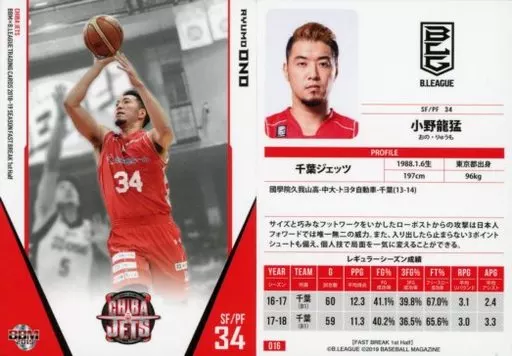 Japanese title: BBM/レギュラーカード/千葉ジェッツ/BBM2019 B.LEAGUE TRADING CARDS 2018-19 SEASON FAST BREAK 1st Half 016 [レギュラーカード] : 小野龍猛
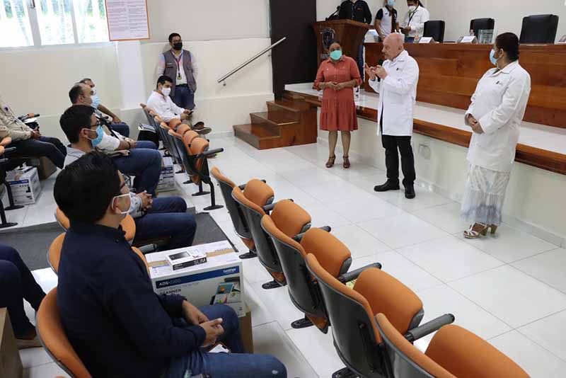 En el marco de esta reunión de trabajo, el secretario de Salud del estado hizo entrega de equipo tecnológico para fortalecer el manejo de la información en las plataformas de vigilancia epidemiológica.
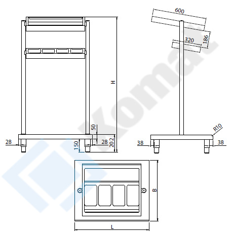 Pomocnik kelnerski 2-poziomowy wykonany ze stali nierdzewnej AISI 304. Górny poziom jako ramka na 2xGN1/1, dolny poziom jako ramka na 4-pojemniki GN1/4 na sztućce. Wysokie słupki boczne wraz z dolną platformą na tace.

- **Problem statement**: Once the pictures are removed, output the remaining material exactly.

- **Solution to this task**:
 Japanese title: BBM/レギュラーカード/千葉ジェッツ/BBM2019 B.LEAGUE TRADING CARDS 2018-19 SEASON FAST BREAK 1st Half 016 [レギュラーカード] : 小野龍猛
 En el marco de esta reunión de trabajo, el secretario de Salud del estado hizo entrega de equipo tecnológico para fortalecer el manejo de la información en las plataformas de vigilancia epidemiológica.
 Pomocnik kelnerski 2-poziomowy wykonany ze stali nierdzewnej AISI 304. Górny poziom jako ramka na 2xGN1/1, dolny poziom jako ramka na 4-pojemniki GN1/4 na sztućce. Wysokie słupki boczne wraz z dolną platformą na tace.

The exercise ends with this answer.